A Special Use of the World-to-Object Matrix in Ray-Tracing
In this part of the lesson we will show one interesting use of the world-to-object matrix in ray-tracing. In the lesson A Minimal Ray-Tracer: Rendering Simple Shapes (Sphere, Cube, Disk, Plane, etc.) we studied two techniques to compute the ray-sphere intersection, a geometric and a parametric method. While it is possible in both method to specify the centre and the radius of the sphere we wish to render, let's imagine a situation in which we don't know how to ray-trace a sphere unless the sphere has radius 1 and is centred about the world coordinate system origin. How could we still change the sphere size, rotation and position? The solution to this problem is in fact simple. If the sphere new scale, position and rotation is defined by a 4x4 transformation matrix, then rather than transforming the sphere using this matrix, we will transform the ray instead of the sphere to the sphere object space, by transforming its position and direction using the sphere world-to-object matrix (the inverse of the sphere object-to-world matrix). We don't transform the sphere, we transform the ray by the matrix inverse. Imagine that we translate the sphere by 2 units in Y. Then instead of computing the intersection of the ray with the translated sphere, we keep the sphere at the origin, and move the ray position by -2 in Y (as shown in figure 2). This technique is quite common in ray-tracing. It is sometimes more convenient to compute the intersection of a shape while the shape is in its object space. Thus rather than transforming the shape by the object-to-world matrix and test the ray-shape intersection with the ray in world space, we transform the ray to the shape object space, and perform the ray-geometry test in object space.
Obviously, the problem with this technique is that \(t\) the intersection distance, is not in world space anymore but in object space.

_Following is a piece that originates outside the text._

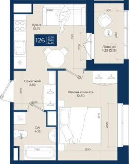 Жилой комплекс "Новатория", 1 очередь строительства, Корпус А, Квартира 126 общей площадью 32,8 м2 на 7 этаже.ЖК "Новатория" —жилой комплекс комфорт-класса расположен в поселке Новоселье, в окружении леса и Шунгеровского заказника.

The value computed by this method can't be compared to the value returned for instance by the intersect() method of the TriangleMesh class. To fix the problem, you need to compute the intersection point in object space, transform the hit point to world space, and then compute \(t\) by taking the distance between the ray origin and the hit point in world space. Obviously all these complications are worth it if computing the ray-geometry intersection is much more efficient in object space than world space. We won't implement this method in our program. Mentioning the method is enough but you can give it a try as an exercise by adapting the code above.
As usual, the source code of the full program can be found in the last chapter of this lesson.